4 Pet Photography Tips
Almost all pet lovers all over the world dream of capturing their precious pet's natural poses through pet photography. Pets are considered an essential household possession if one wants to experience unconditional love, loyalty, and devotion. Whatever kind they are, pets are usually deemed part of one's family. Pet owners love to see their cherished pet in the form of photographs and they serve as memento for reminiscence purposes. Taking your pets photos can be easy and you need not be a professional photographer to do it.

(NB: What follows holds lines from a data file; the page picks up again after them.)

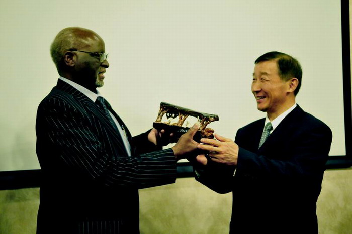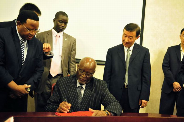 会谈中,津国代表团观看了农垦集团的视频简介,双方在坦诚友好的气氛中进行了交流探讨。田文俊介绍了安徽农垦在津农业合作开发项目的进展情况。约翰·恩科莫副总统及相关官员对双方开展项目合作表示欢迎与赞赏,认为津国农业资源丰富、潜力很大,希望今后双方进一步加强农业及相关产业的合作,实现互利共赢。会谈结束时,约翰·恩科莫副总统欣然题词,与田文俊董事长互赠礼品并集体合影留念。
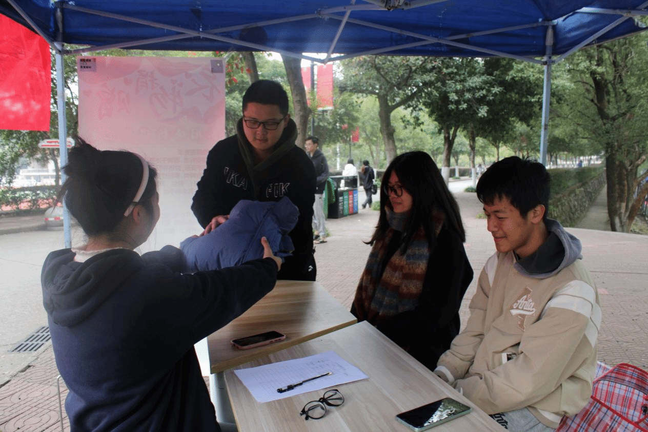 11月25日下午至26日,信息工程学院青年志愿者协会在南区一食堂对面开展旧衣物捐赠活动。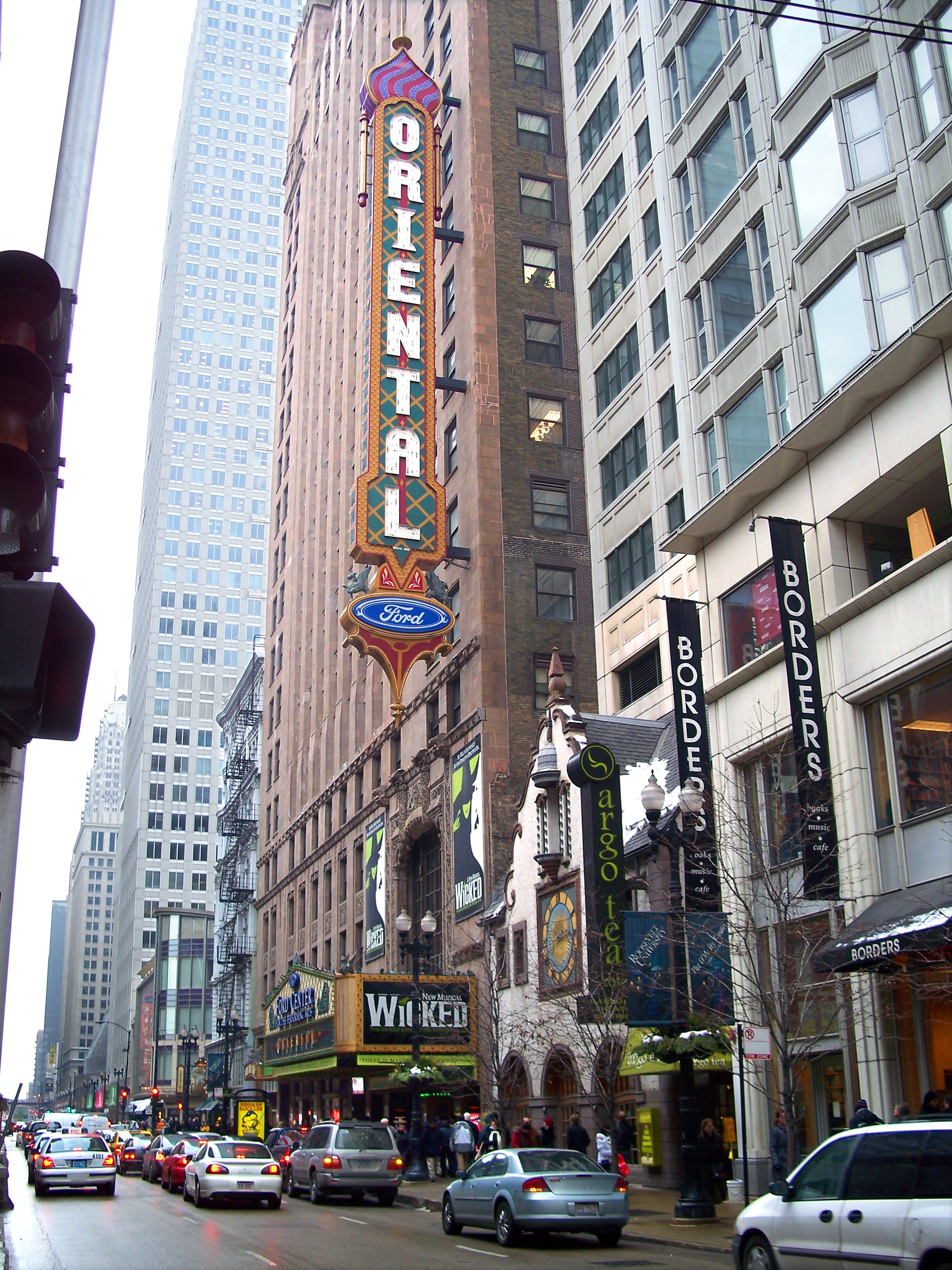This silent film palace was designed by Chicago architects Cornelius W. and George L. Rapp. The interior featured a lavish decor inspired by Eastern art and architecture. It served faithfully for 55 years until the failing fortunes of downtown Chicago and large film houses in general forced its closing in 1981. After a 15-year period of dormancy and a threat of demolition, the facility was restored as a live theatrical venue in a joint project by Livent Inc. and the City, with a reopening on October 18, 1998. (reference)

1. Consider the Background
The first thing to decide when taking pet photos is the background. Carefully decide what kind of photo you want to take. Location is one of the vital matters to consider in taking pet photos. Make sure your pet is comfortable in the chosen location because this greatly affects the final outcome of your photo. For portraits, you may try the pet's usual zone in the house. If the pet is always on the couch, on the floor, or on the bed, try those sites. You may want to try homemade backdrops too. Remember, comfort for the pet is important. Get rid of manmade items from the site before taking photographs. You may not want to see litter and other off-putting clutters in the scene and your pet may get distracted by these manmade objects.
2. Natural Posing
In order to get the best natural shot of your pet, it is imperative that you consider your pet's personality before taking the shot. If your pet is playful, try to incorporate props that would get the attention of your pet. Toys such as a ball, strings, puppy kibbles, combs, and car keys may capture your pet's interest. Consider putting those things in the site and when your pet responds, carefully capture and seize the moment through your camera. Other pet personalities require different props. Use your creativity in incorporating various props relative to your pet's personality.
3. Timing is Important
Timing is one of the things you should consider in taking natural photographs. Just like humans, pets too need appropriate timing to get in the mood. Do not try to take their photographs if you think they are hungry, irritable, or prickly. Prepare them by giving them a sufficient amount of food and play things before capturing their photos. If your pet requires a little more time to calm down and relax, give it to them. Remember, you may not want a tantrum from your pets so be sure to set the mood for them.
4. Avoid the Red or Green-Eye
Like human beings, pets' eyes too sometimes react to the flash of your camera giving you a red or green-eye. To avoid this, angle your flash away from the lens of your camera. Should you have a camera with fixed flash and there is no way you can angle it, try putting a very thin cloth around it or use a parchment paper. This will scatter and spread the light from your flash and will moderate the possibility of a red or green-eye.